▶ **EXERCISE GOAL**: Search the material below for the word "nhân". Copy every line that has it.

▶ **GIVEN DATA**:

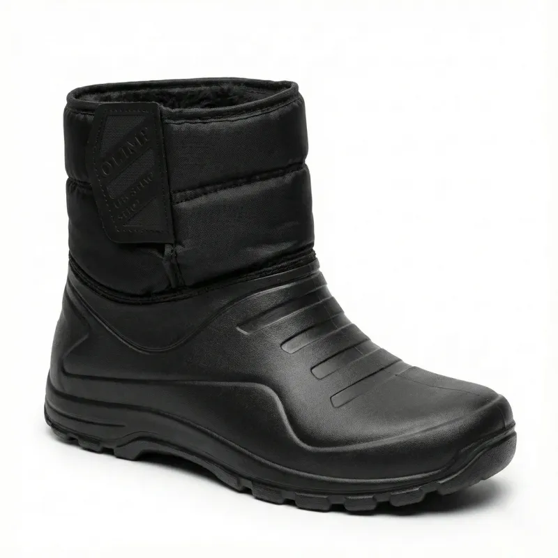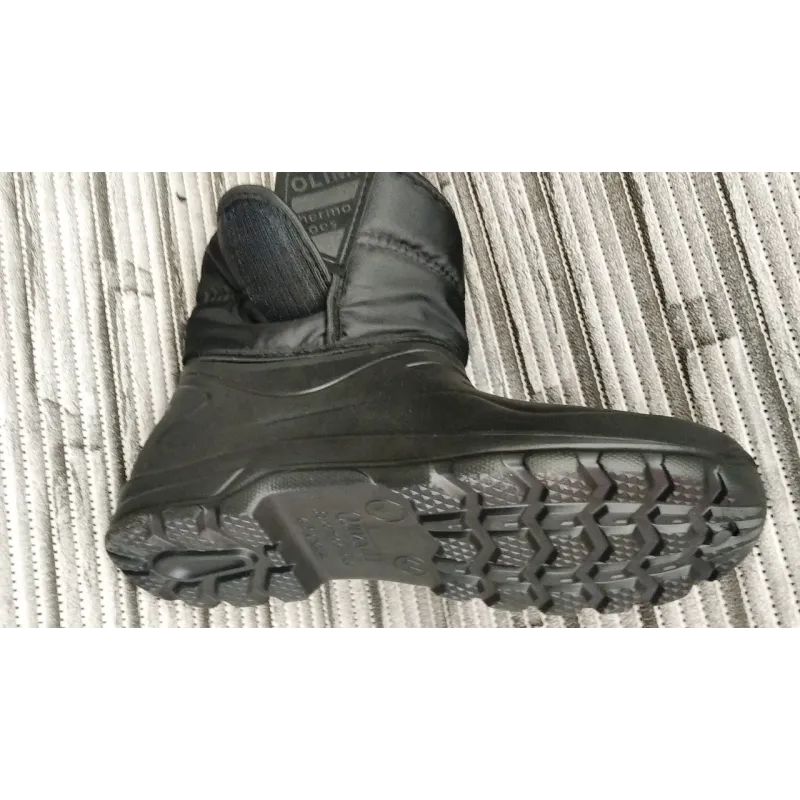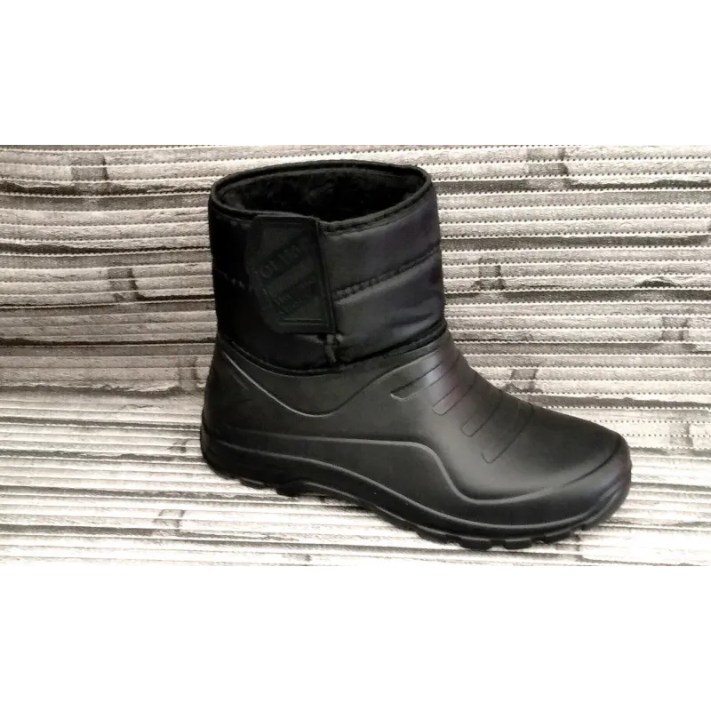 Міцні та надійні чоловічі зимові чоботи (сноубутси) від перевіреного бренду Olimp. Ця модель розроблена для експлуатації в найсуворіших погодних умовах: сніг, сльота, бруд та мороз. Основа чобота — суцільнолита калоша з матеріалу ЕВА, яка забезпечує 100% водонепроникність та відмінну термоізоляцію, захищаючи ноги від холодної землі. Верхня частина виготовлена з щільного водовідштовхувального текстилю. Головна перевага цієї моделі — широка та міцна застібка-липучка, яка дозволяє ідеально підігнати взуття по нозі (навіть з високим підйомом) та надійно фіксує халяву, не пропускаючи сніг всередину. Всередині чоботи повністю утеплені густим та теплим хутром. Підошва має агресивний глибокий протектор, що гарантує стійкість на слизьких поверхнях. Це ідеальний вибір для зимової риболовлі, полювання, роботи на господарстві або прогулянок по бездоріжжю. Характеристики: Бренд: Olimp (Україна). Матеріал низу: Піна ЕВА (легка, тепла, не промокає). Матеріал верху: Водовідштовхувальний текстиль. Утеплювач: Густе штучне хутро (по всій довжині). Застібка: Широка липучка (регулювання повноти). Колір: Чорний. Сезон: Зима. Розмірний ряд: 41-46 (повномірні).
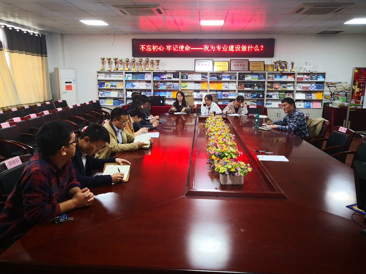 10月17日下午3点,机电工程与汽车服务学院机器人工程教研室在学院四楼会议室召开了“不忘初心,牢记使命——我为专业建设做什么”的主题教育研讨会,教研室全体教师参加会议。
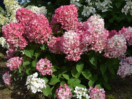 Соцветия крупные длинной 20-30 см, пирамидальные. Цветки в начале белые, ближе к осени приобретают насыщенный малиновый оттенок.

...

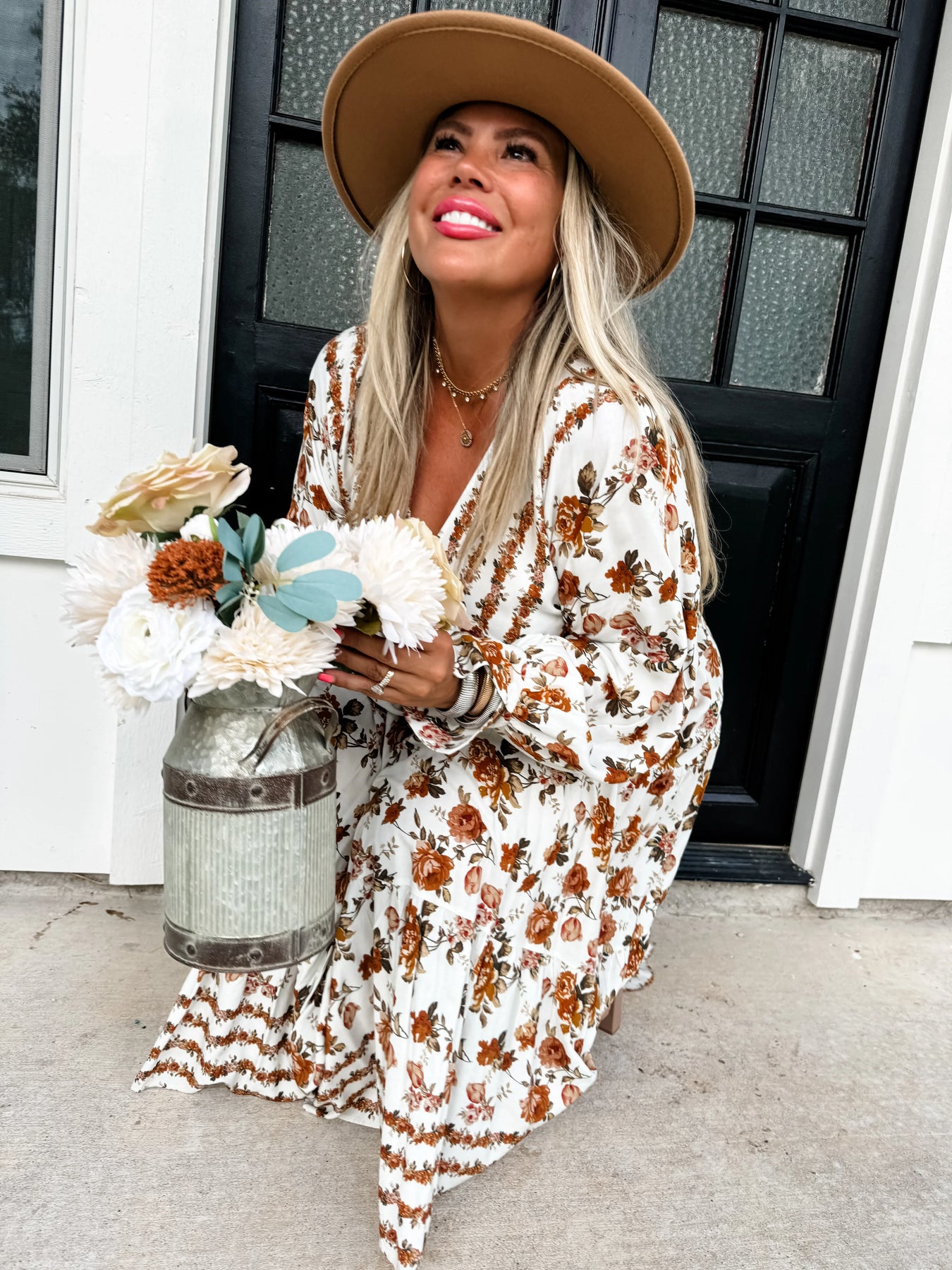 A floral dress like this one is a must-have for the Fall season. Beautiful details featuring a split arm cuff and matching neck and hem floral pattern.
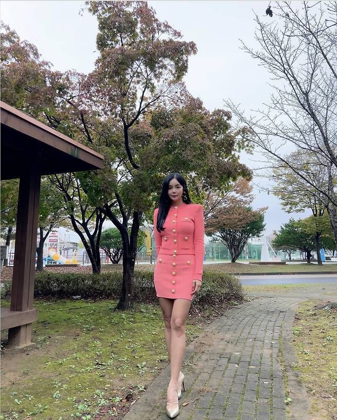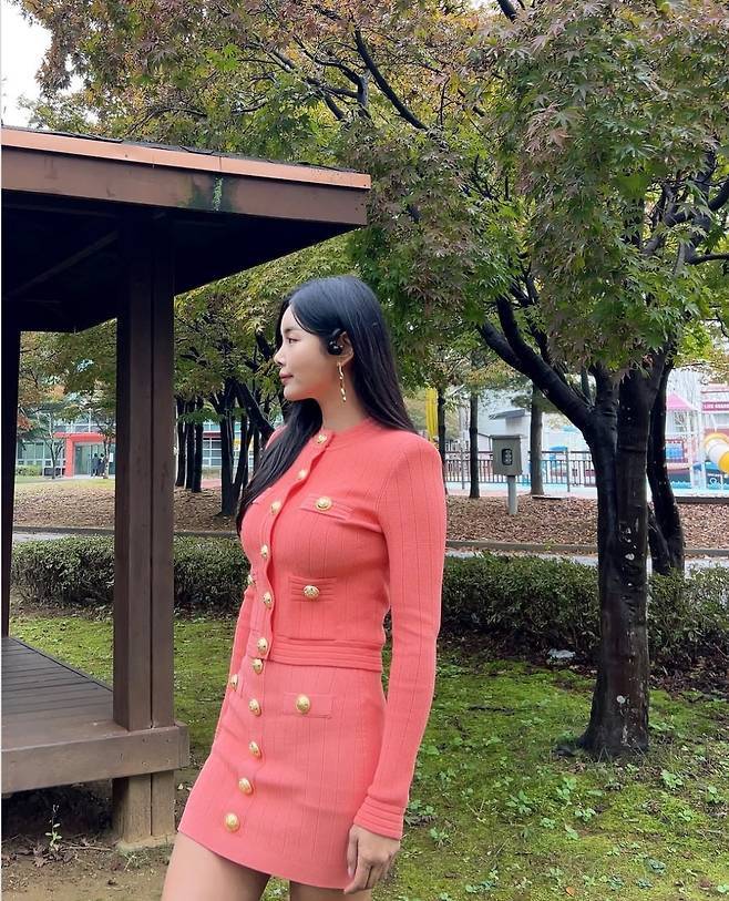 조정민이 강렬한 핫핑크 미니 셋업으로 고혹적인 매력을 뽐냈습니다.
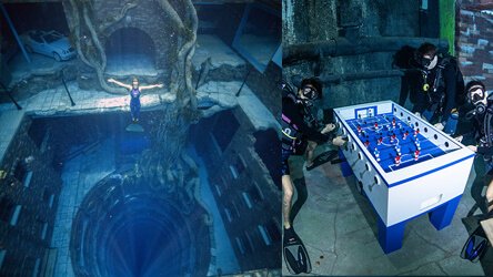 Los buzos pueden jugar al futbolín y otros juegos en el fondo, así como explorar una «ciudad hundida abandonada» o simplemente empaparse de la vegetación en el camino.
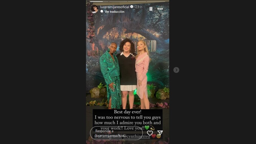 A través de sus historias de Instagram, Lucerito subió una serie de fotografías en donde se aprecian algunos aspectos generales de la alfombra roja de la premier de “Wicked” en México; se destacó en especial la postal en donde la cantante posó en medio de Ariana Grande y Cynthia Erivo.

---

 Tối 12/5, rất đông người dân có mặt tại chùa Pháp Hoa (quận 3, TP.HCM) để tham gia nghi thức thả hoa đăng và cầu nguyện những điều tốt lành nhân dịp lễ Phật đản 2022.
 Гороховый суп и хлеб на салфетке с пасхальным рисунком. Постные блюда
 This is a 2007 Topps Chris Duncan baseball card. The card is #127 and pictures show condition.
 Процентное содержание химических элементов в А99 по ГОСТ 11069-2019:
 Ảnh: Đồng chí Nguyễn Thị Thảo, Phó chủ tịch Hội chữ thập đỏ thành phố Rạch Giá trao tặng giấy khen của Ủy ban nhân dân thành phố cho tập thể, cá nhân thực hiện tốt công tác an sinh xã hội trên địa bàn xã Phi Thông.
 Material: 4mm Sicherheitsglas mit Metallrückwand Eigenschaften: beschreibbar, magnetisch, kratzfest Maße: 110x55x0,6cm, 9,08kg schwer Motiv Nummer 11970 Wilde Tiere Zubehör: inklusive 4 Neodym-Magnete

▶ **YOUR SOLUTION**:
 Tối 12/5, rất đông người dân có mặt tại chùa Pháp Hoa (quận 3, TP.HCM) để tham gia nghi thức thả hoa đăng và cầu nguyện những điều tốt lành nhân dịp lễ Phật đản 2022.
 Ảnh: Đồng chí Nguyễn Thị Thảo, Phó chủ tịch Hội chữ thập đỏ thành phố Rạch Giá trao tặng giấy khen của Ủy ban nhân dân thành phố cho tập thể, cá nhân thực hiện tốt công tác an sinh xã hội trên địa bàn xã Phi Thông.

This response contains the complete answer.